While Athena is widely used for querying data in S3, it cannot provide the performance needed for real-time analytics like customer 360s, personalization, IoT applications and more. Dhruba draws on his experience as a founding engineer of RocksDB and explains how to use real-time indexing on your data lake for real-time analytics that powers high-performance applications.
- Indexing vs scanning - up to 125x faster than Athena. Rockset automatically builds a search index, column index, and row index on data ingested from S3 to accelerate the types of queries that are common to applications. Athena performs scans when queried, and its pricing is based on size of data scanned, so it is better suited for occasional ad hoc queries rather than high performance real-time analytics.
- High concurrency - 1000x concurrency vs Athena. Rockset has a distributed cloud-native architecture that allows ingest, storage and query tiers to scale independently in response to workload. The ability to scale query compute as needed allows Rockset to support large numbers of concurrent users without performance degradation. In contrast, Athena can only execute 5 concurrent queries and queues any additional queries.

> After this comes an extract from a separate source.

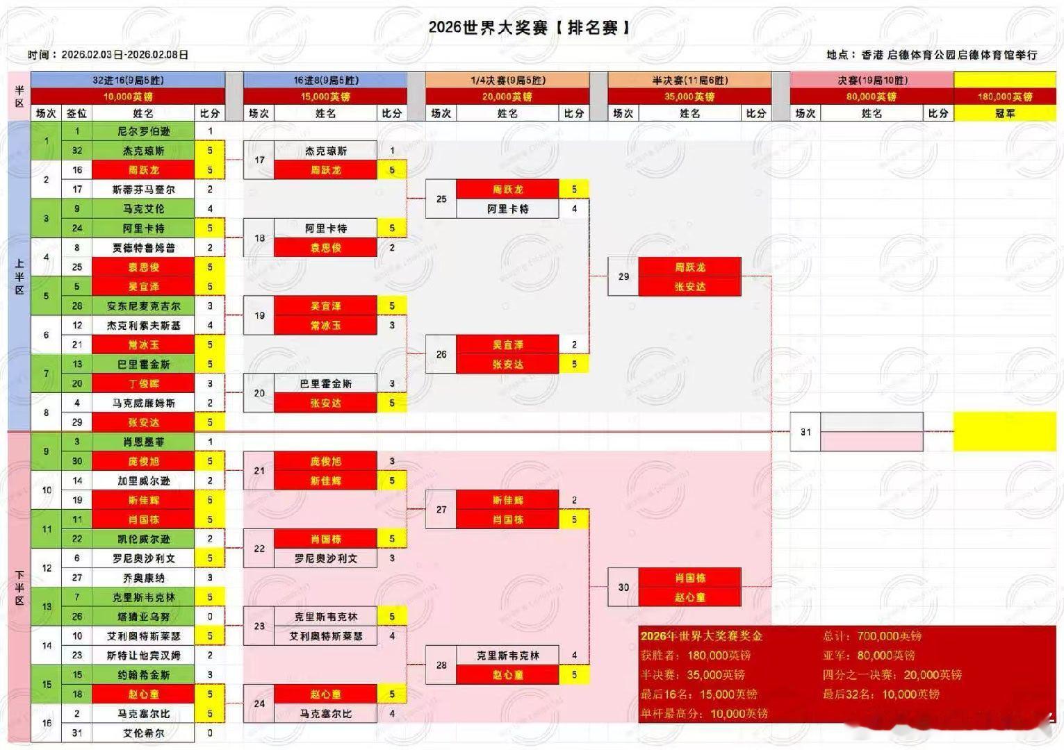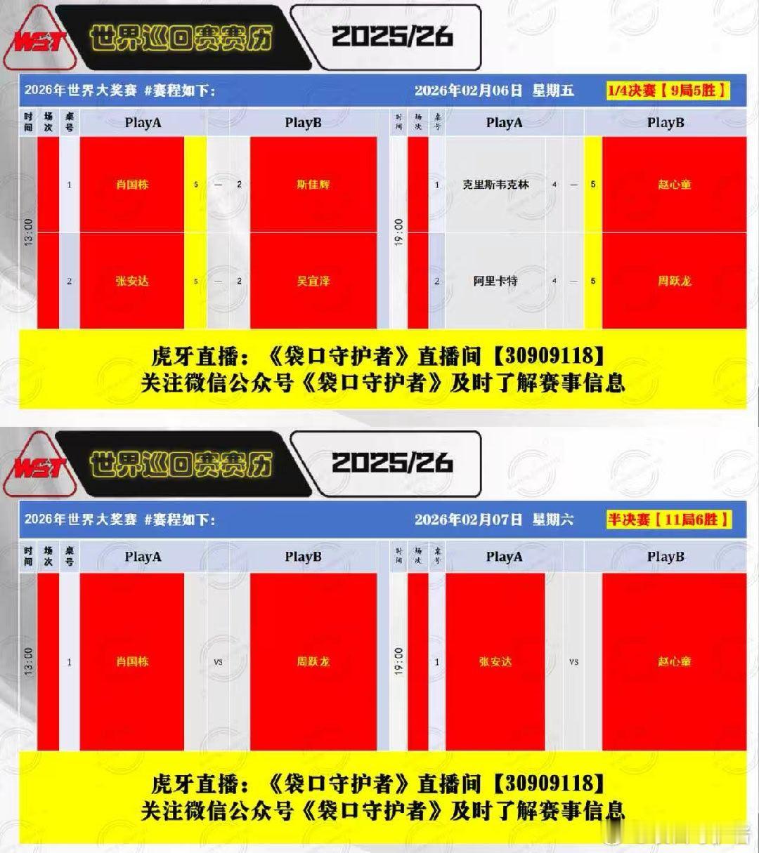 2026斯诺克(香港)世界大奖赛 半决赛 第五天中国选手周跃龙、张安达、肖国栋、赵心童四人包揽四强,创新历史2026.02.07日 星期六13:00 直播 周跃龙VS张安达19:00 直播 赵心童VS肖国栋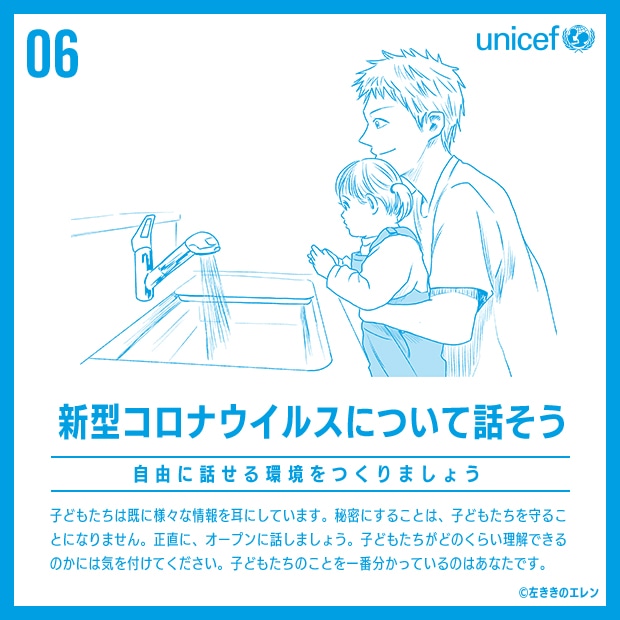 漫画家かっぴー氏の無償協力により制作された本作品は、ユニセフ(国連児童基金)が2020年4月10日(金)に発信した「ユニセフの子育て6つのヒント」を、漫画『左ききのエレン』とのコラボレーションを通じて伝えるものです。

- Real-time analytics - 1 second end-to-end latency vs. hours with Athena. Rockset allows queries on JSON, Avro and Parquet formats without any schema or table definition. It supports schemaless ingestion of data and automatically generates schemas based on the exact fields and types present in the ingested data, so users can run SQL on their raw data. Athena requires the creation of schemas and tables before users can query the data, resulting in delays whenever the schema changes.